The mesmerizing story concerns a misogynistic extrovert named Roger (Campbell Scott) who thinks that he is God's gift to women. Believing himself to be a great intellect, he loves to spout cheap analysis of the world's problems. In the opening, after a lengthy diatribe on the sorry state of men and women today, he concludes, "Ten or fifteen generations from now, men will be reduced to servitude." His pickup lines for women at bars are so sarcastic and humiliating that they frequently get him thrown out into the street.
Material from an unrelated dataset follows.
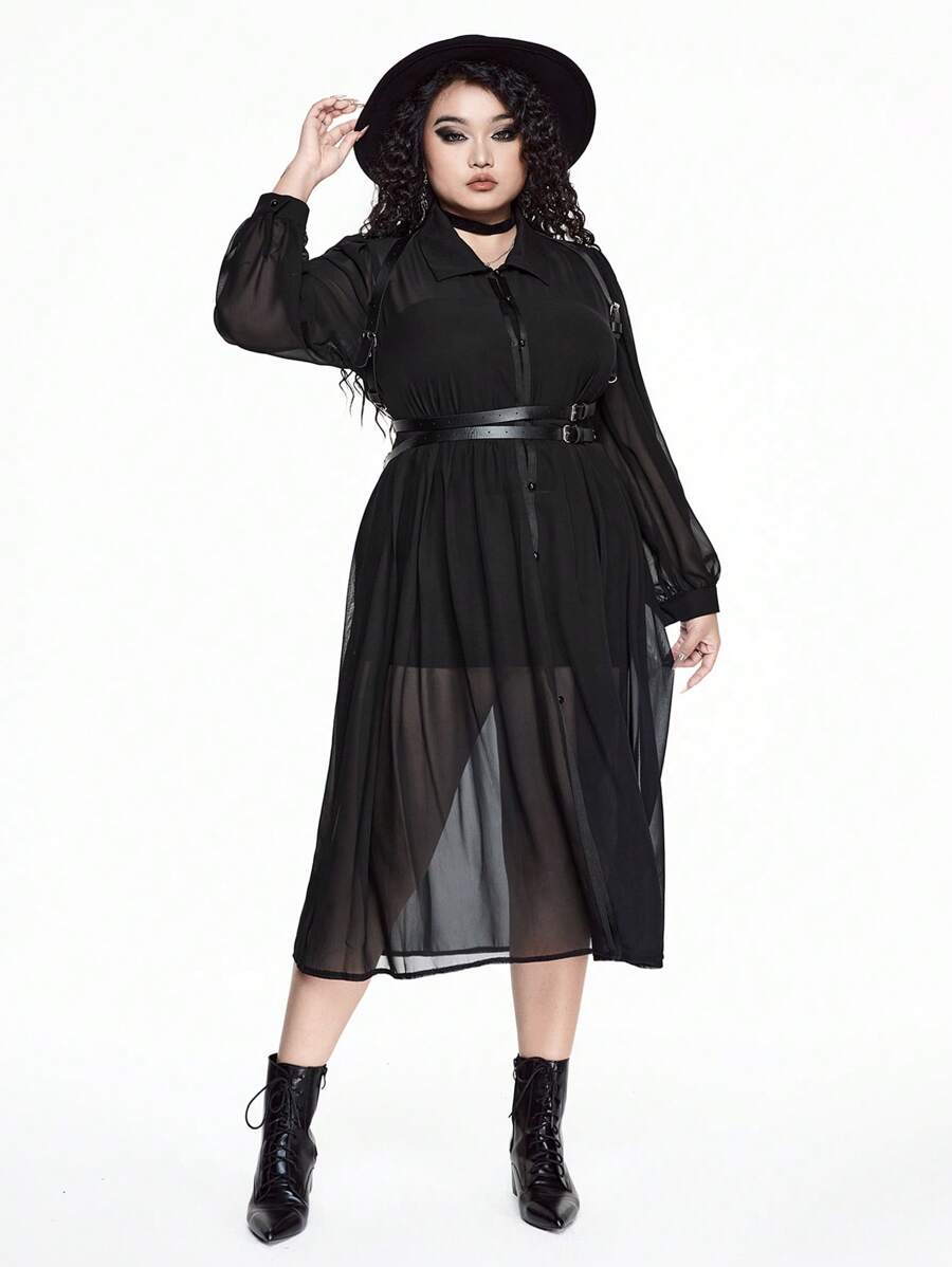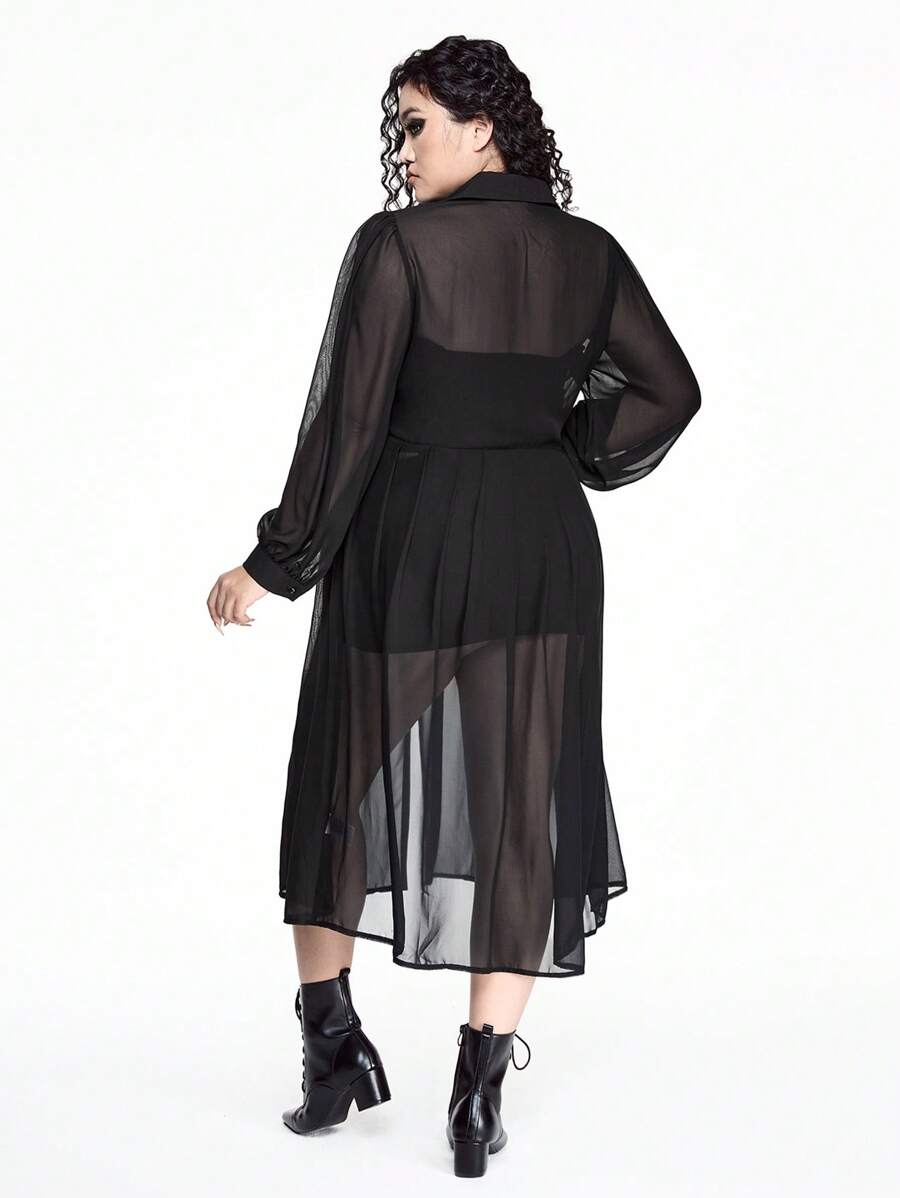 Goth Vestito cardigan in rete trasparente tinta unita, stile gotico e punk, per donne taglia grande

Like Aaron Eckhart's frightening performance in Neil LeBute's IN THE COMPANY OF MEN, Scott turns in such a masterful piece of acting as a slime ball that you wish he'd give up his career as a good guy and turn totally to the dark side.

The story, which happens mainly over one night, concerns Roger's teaching his 16-year-old nephew, Nick (Jesse Eisenberg), how to score. A virgin, Nick is an eager but unsure pupil. (His introduction to the world of sex is handled tastefully with almost nothing shown, which is easy since the focus is completely on the dialog and not the miniscule action.) The back story about Roger's childhood sounds like it might make a great prequel.

Like a CIA operative teaching a young recruit, Roger demonstrates to Nick how to surreptitiously peer down women's blouses and up their skirts. The real battleground in Roger's war of the sexes occurs in darkly lit bars, where single women roam. The first two women that these bachelors on the town try to pick up are Andrea (Elizabeth Berkley, SHOWGIRLS) and Sophie (Jennifer Beals, FLASHDANCE). The sweetest part of the film occurs when Nick asks them about their "first time." In the show's tenderest moment, Sophie gives Roger his first time, his first time with a real kiss -- his playing of Post Office when younger is officially declared invalid.

Spending his life writing copy for commercials, Roger takes a dim view of his job. "As we speak, consumers everywhere need reminders of how fat and unattractive they are," he says in one of his parting lines. The movie, which has two more good acts after the one with Berkley and Beals, knows how to part well. Just when you think that Roger is on the ropes, he bounces back to give his all to the minor leagues to which he finds himself relegated. One can easily imagine an octogenarian Roger in a nursing home harassing everyone with a skirt.

ROGER DODGER runs 1:44. It is rated R for "sexual content and language" and would be acceptable for older teenagers.